> **Problem statement**
Retype exactly every line from the one that includes "陈小晰老师向同学们分享了两个" through the final line of the listing, both ends kept, and omit the pictures.

> **Task inputs**
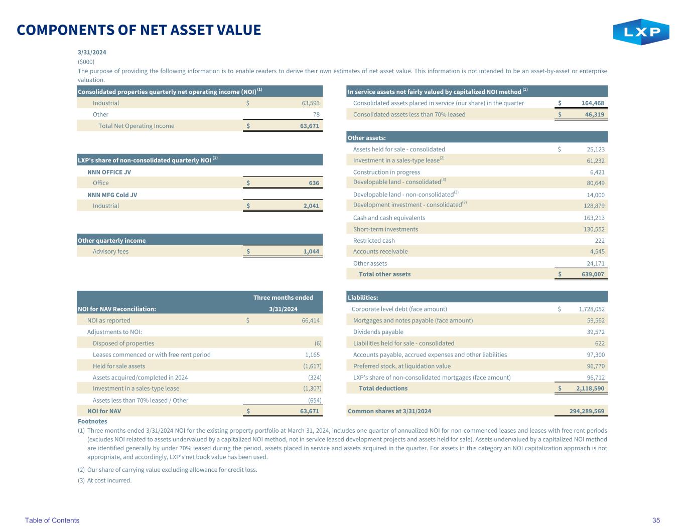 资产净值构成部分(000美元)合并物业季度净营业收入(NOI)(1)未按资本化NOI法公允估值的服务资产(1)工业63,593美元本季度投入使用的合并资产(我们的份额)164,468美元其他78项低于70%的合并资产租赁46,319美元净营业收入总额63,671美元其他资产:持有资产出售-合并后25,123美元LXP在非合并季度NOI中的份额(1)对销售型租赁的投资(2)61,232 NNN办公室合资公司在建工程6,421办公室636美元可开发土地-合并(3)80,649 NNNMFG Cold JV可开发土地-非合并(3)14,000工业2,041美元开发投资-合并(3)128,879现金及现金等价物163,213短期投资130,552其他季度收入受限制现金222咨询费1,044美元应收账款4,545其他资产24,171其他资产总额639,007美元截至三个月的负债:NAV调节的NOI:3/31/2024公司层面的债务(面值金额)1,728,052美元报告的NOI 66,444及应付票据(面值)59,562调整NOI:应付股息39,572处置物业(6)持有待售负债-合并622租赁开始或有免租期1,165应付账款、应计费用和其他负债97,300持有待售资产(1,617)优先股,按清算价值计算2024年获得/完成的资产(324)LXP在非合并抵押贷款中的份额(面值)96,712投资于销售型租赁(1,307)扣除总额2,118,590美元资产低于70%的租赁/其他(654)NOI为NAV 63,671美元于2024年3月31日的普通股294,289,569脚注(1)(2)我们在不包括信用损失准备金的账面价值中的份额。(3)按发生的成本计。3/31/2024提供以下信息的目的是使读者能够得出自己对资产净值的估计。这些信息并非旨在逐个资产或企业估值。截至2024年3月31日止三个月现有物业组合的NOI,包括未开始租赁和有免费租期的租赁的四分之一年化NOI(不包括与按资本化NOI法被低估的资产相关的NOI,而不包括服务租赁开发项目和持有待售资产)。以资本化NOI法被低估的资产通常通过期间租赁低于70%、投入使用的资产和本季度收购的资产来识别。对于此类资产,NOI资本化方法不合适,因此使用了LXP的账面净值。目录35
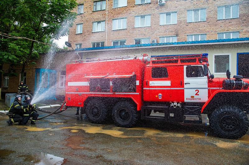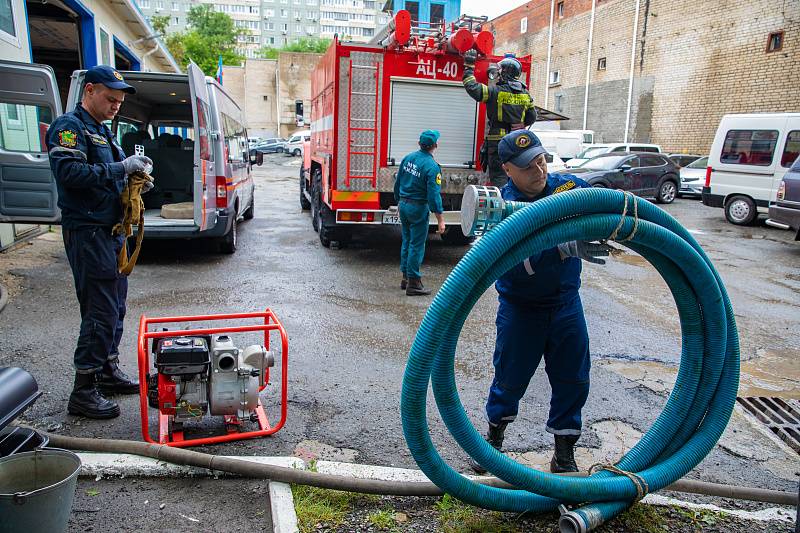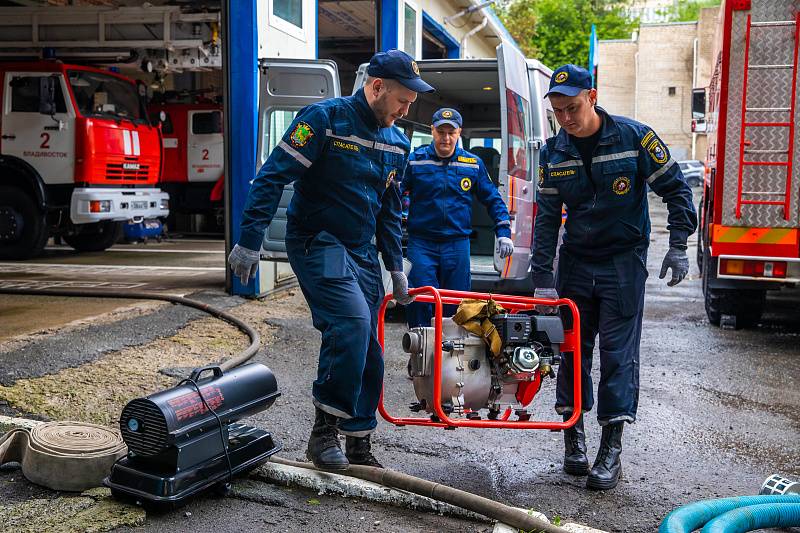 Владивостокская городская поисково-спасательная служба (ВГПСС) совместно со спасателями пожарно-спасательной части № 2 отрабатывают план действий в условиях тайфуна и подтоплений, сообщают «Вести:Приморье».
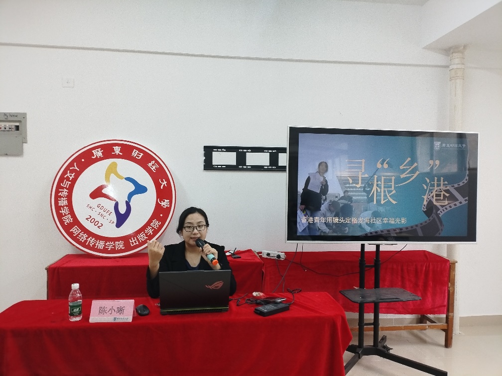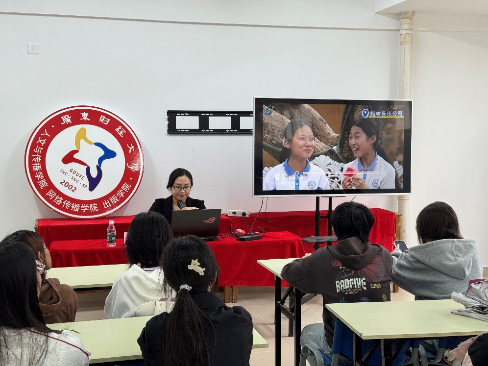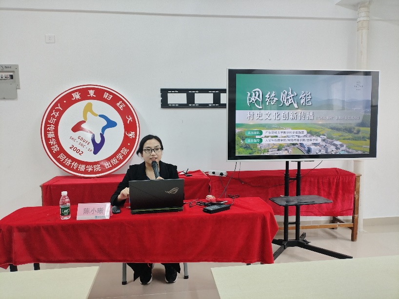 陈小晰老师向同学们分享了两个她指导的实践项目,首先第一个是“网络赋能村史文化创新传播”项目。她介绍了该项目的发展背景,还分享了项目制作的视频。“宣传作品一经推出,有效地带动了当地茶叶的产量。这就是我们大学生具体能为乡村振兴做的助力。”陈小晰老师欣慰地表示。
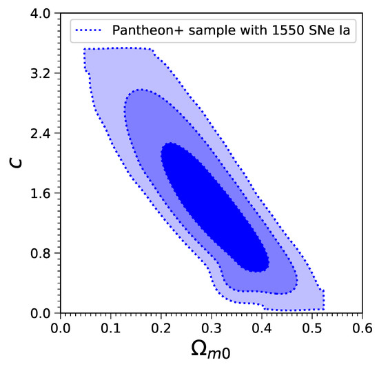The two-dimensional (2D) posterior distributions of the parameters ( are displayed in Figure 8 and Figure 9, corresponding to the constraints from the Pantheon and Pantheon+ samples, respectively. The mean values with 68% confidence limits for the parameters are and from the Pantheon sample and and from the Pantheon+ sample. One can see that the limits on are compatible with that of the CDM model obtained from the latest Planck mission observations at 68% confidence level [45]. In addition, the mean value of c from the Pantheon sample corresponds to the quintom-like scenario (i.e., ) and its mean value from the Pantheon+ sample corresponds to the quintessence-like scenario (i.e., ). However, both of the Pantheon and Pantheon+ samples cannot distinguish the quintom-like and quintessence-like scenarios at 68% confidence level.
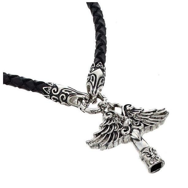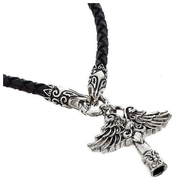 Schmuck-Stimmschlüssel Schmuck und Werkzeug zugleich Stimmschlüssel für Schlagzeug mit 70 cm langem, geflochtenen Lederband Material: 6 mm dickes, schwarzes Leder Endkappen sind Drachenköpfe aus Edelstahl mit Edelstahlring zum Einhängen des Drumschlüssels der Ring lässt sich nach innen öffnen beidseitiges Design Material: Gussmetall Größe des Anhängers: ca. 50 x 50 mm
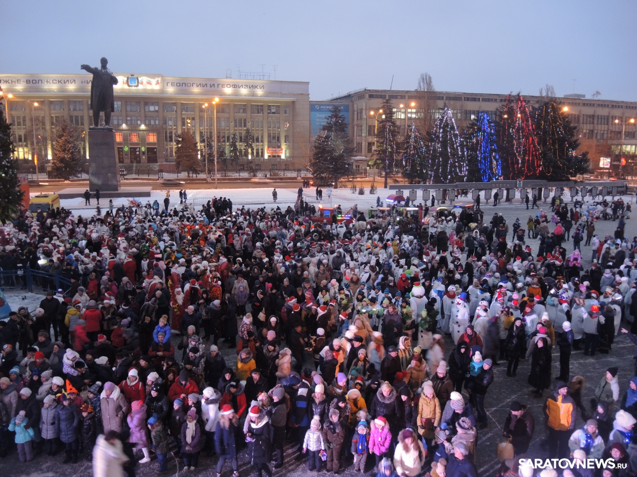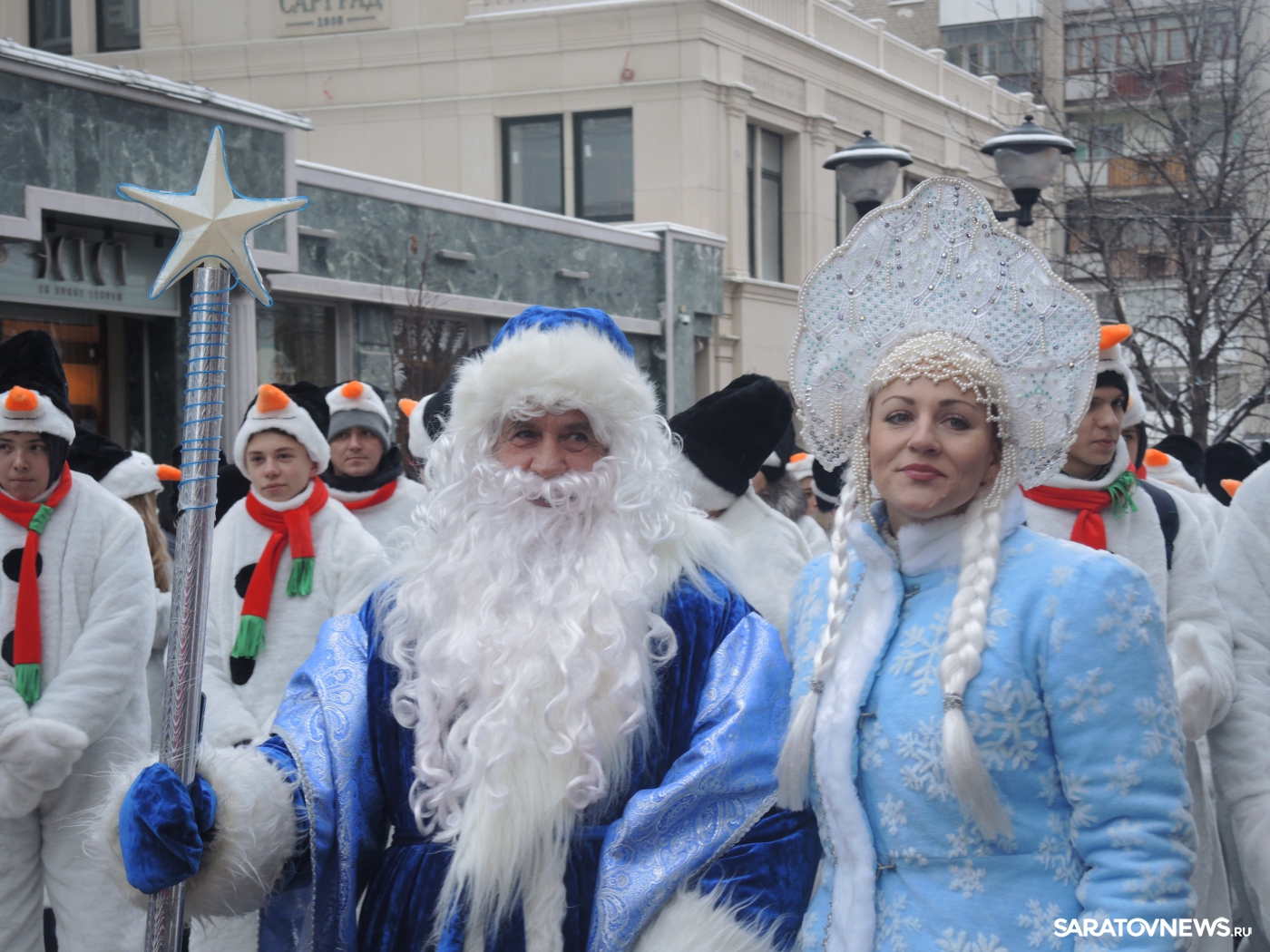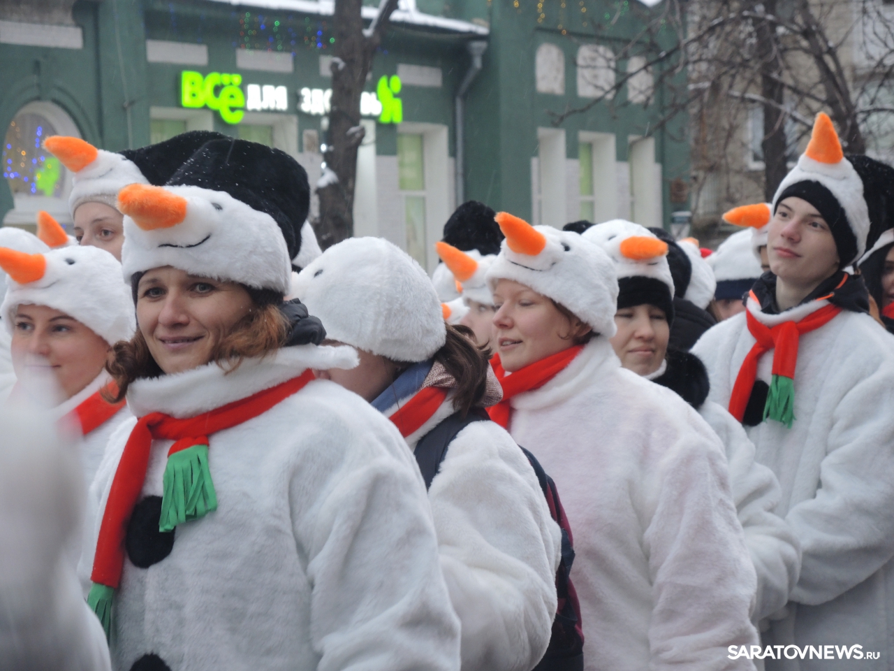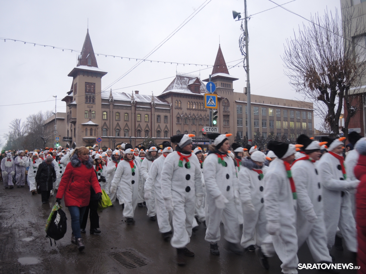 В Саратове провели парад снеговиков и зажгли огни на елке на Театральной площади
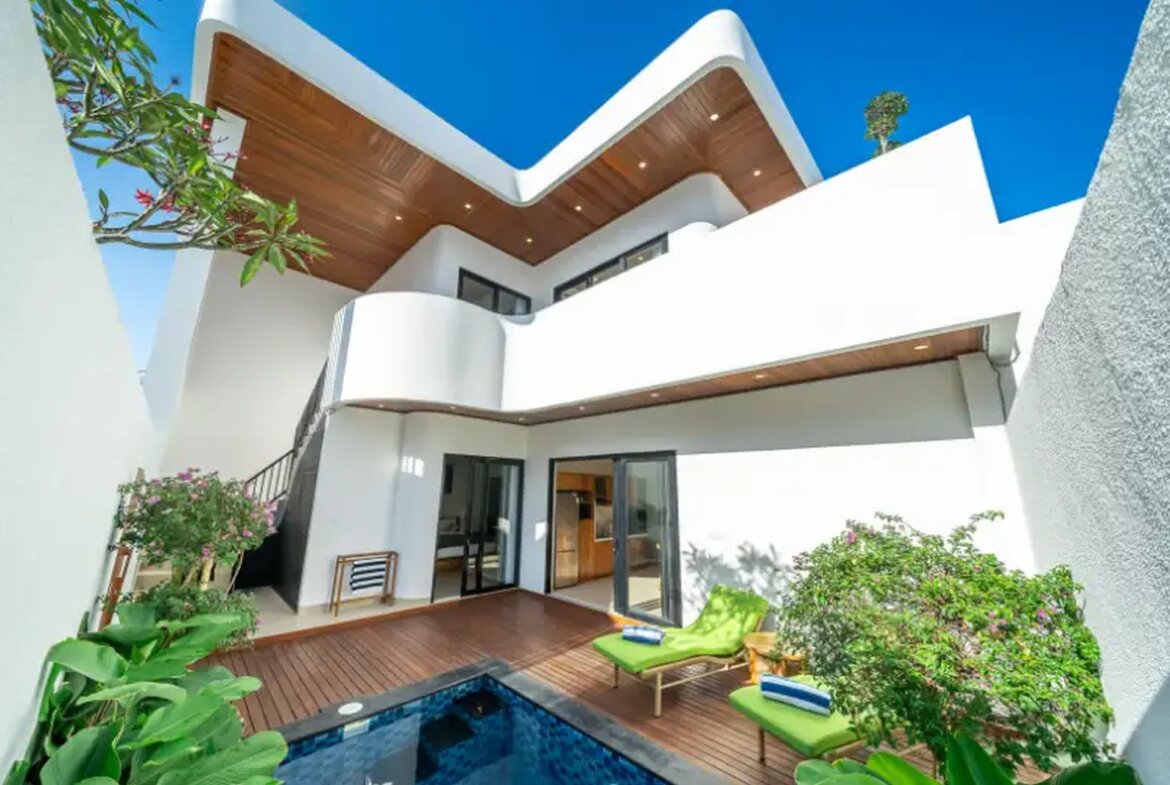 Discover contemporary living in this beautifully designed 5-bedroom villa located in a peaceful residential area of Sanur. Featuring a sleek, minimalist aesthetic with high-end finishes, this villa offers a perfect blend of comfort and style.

> **Response**
 陈小晰老师向同学们分享了两个她指导的实践项目,首先第一个是“网络赋能村史文化创新传播”项目。她介绍了该项目的发展背景,还分享了项目制作的视频。“宣传作品一经推出,有效地带动了当地茶叶的产量。这就是我们大学生具体能为乡村振兴做的助力。”陈小晰老师欣慰地表示。
The two-dimensional (2D) posterior distributions of the parameters ( are displayed in Figure 8 and Figure 9, corresponding to the constraints from the Pantheon and Pantheon+ samples, respectively. The mean values with 68% confidence limits for the parameters are and from the Pantheon sample and and from the Pantheon+ sample. One can see that the limits on are compatible with that of the CDM model obtained from the latest Planck mission observations at 68% confidence level [45]. In addition, the mean value of c from the Pantheon sample corresponds to the quintom-like scenario (i.e., ) and its mean value from the Pantheon+ sample corresponds to the quintessence-like scenario (i.e., ). However, both of the Pantheon and Pantheon+ samples cannot distinguish the quintom-like and quintessence-like scenarios at 68% confidence level.
 Schmuck-Stimmschlüssel Schmuck und Werkzeug zugleich Stimmschlüssel für Schlagzeug mit 70 cm langem, geflochtenen Lederband Material: 6 mm dickes, schwarzes Leder Endkappen sind Drachenköpfe aus Edelstahl mit Edelstahlring zum Einhängen des Drumschlüssels der Ring lässt sich nach innen öffnen beidseitiges Design Material: Gussmetall Größe des Anhängers: ca. 50 x 50 mm
 В Саратове провели парад снеговиков и зажгли огни на елке на Театральной площади
 Discover contemporary living in this beautifully designed 5-bedroom villa located in a peaceful residential area of Sanur. Featuring a sleek, minimalist aesthetic with high-end finishes, this villa offers a perfect blend of comfort and style.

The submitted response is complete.